When we talk about the phenomenon of landfill indie, it tends to be either a mode of mindless nostalgia or hard-headed cynicism. I’m profoundly disinterested in either of these; what interests me about this phenomenon is that it was arguably the last time period where being a full-time musician was viable, and when the UK's live music scene was healthy outside of festival season. Having said that, I understand why no one wants to take it seriously. We’re currently in a cultural climate where there’s so little capacity for having fun when talking about pop culture. There are valid reasons for this, such as serious reckonings with pervasive sexual violence, every conceivable form of discrimination, and industry exploitation; there are also elements of this tendency to be more suspect about, such as how social media discourse cycles about pop culture have cynically become an marketing tool in and of themselves. It makes sense why current millennials don’t want to extend this behind us, and why we are all drawn to collective points of reckoning of a time where it didn't feel like everything was simply a bellwether for how shit the world is.

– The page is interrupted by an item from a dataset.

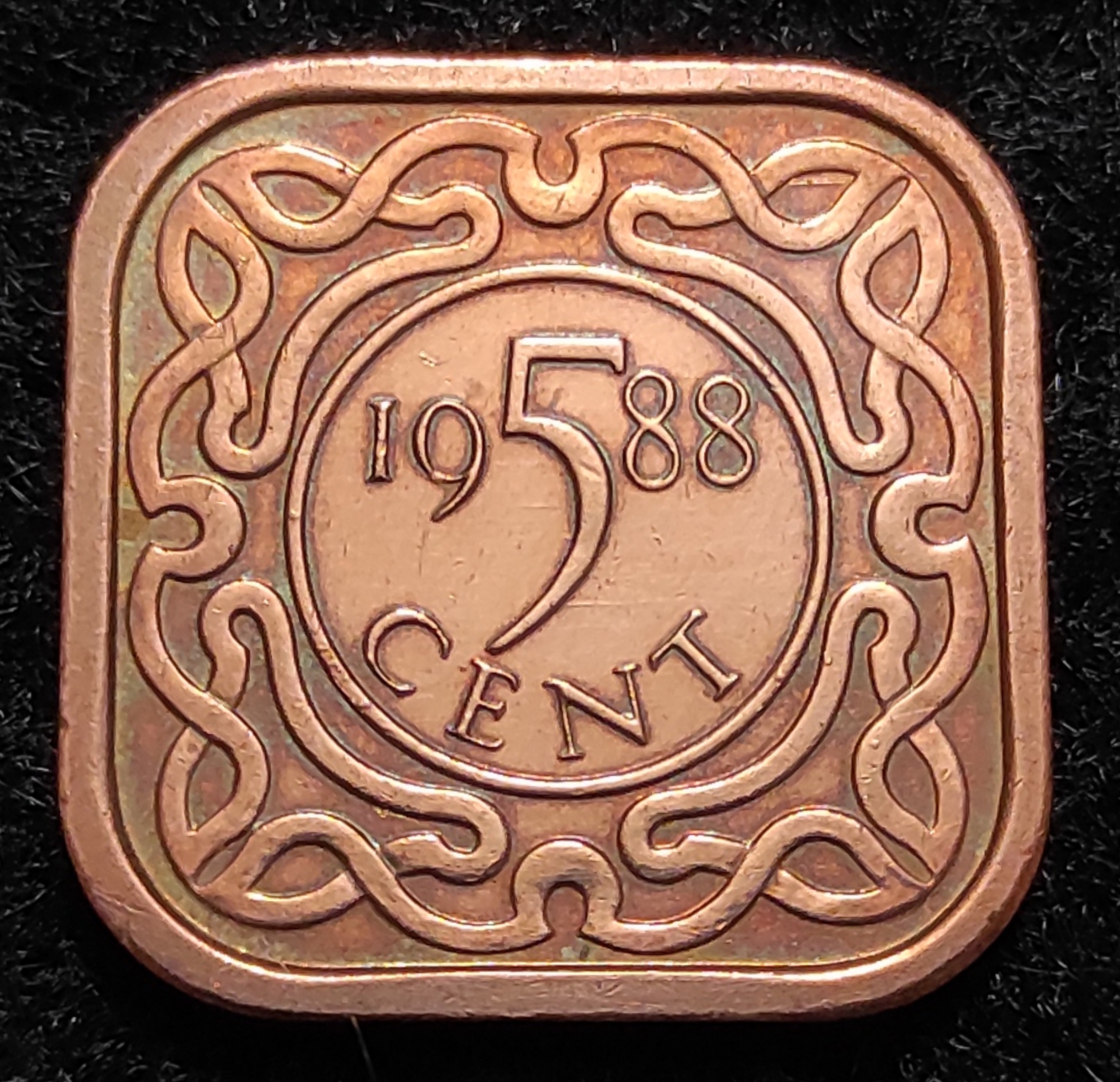 سکه مربعی کمیاب و خاص 5 سنت سورینام

The Vice landfill indie article discussion was one of my favourite days on Twitter. At the height of the first year of the covid pandemic, it was the most I spoke to anyone apart from my partner for 6 months. When landfill indie originally happened, I felt intimidated by music forum culture, so I never really got involved. This time around, though, I had some really thoughtful conversations, and it reignited a love for talking about music I hadn’t felt in a very long time. But what’s stuck with me since then is the sense that after all is said and done, we still continually fail to meaningfully reckon with anything about the noughties as a period of cultural history. At best, we’re bonding over memes based on our collective memory, and at worst we are relishing in nothing more than bland value judgements. The reactionary, glib ways in which we talk about the recent past only serve to say more about who we are now than who we were back then.